Our results indicated that MGN could forestall H2O2 mediated alterations in cellular redox status, mitochondrial transmembrane potential, mitochondrial mass and reduced G0/G1 arrest of cells. To the best of our knowledge, this is a first report indicating the ability of MGN to forestall the senescence-inducing property of low chronic oxidative stress which can be attributed to its free-radical scavenging property.

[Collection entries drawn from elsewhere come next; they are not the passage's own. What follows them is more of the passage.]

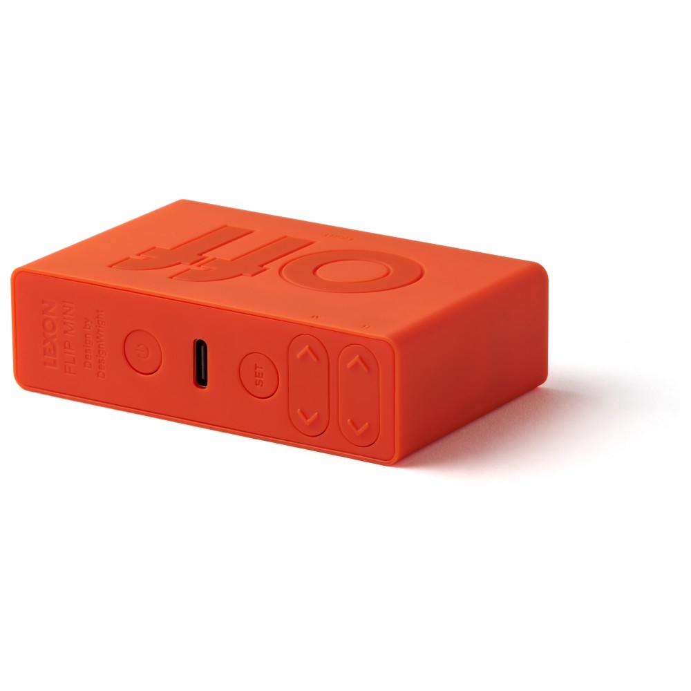 A Flip Mini kiemelkedik interaktív dizájnjával, amely két oldallal (ON / OFF) rendelkezik, hogy az ébresztőt aktiválja vagy kikapcsolja, ha megfordítja az eszközt. A beépített érzékelőnek köszönhetően egy gyengéd érintéssel megvilágíthatja az LCD kijelzőt. A diszkrét gombok a készülék hátoldalán lehetővé teszik az idő/dátum formátum, az ébresztő beállítások és a kijelző fényerejének könnyű beállítását, maximális kényelmet biztosítva a használat során.
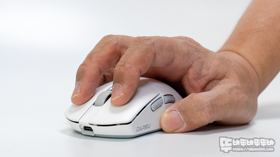 다얼유 A950 WING 8K 유무선 게이밍 마우스는 길이 119mm, 좌우폭 63mm, 높이 38mm로 손이 큰 필자가 사용하기에도 팜 그립 및 클로 그립으로 편안하게 사용할 수 있습니다.
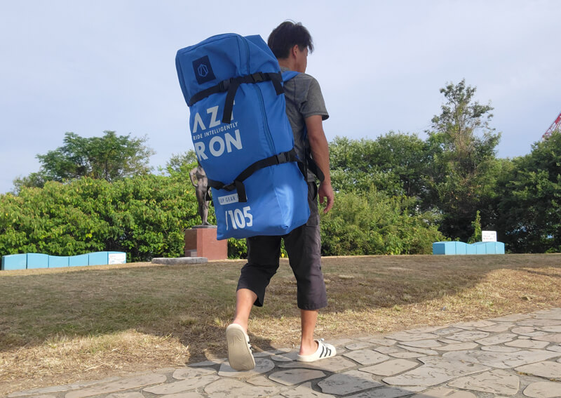 キャンププラスSUPには、空気で膨らませることのできる「インフレータブルタイプ」がおススメです。テントやタープなどキャンプにはたくさんの道具が必要ですが、それらにプラスしてSUPを車に積んだり運んだりするのは大変です。インフレータブルタイプのSUPならコンパクトに折り畳むことができ、背負って持ち運ぶこともできます。
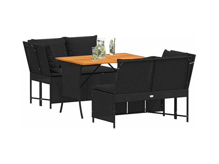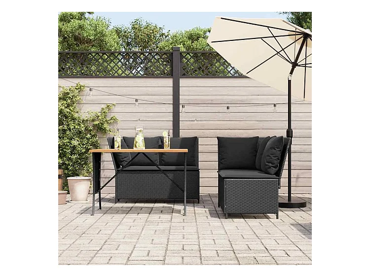 Salon de jardin 3 pcs avec coussins noir résine tressée

Although, lack of precise molecular mechanism of MGN’s anti-senescence property limits this present study, but it opens a platform for future investigations aiming towards deciphering the molecular mechanism of action of phytochemicals like MGN. As MGN is an activator of Nrf-2 [33, 34], which is a chief regulator of molecules such as GSH, GST, and other enzymes responsible for oxidative homeostasis and detoxification [35], we envisage that MGN-mediated delay in H2O2-induced premature senescence could be linked with Nrf-2 mediated signaling responses, which warrants further investigation.

Conclusion

To conclude, from the data obtained in this study it is quite evident that MGN may be a potential nutraceutical in ameliorating chronic oxidative stress mediated premature senescence. These evidences further warrant investigations related to dietary intake of MGN at physiologically relevant doses that may contribute to slow down premature senescence thereby thwarting aging process.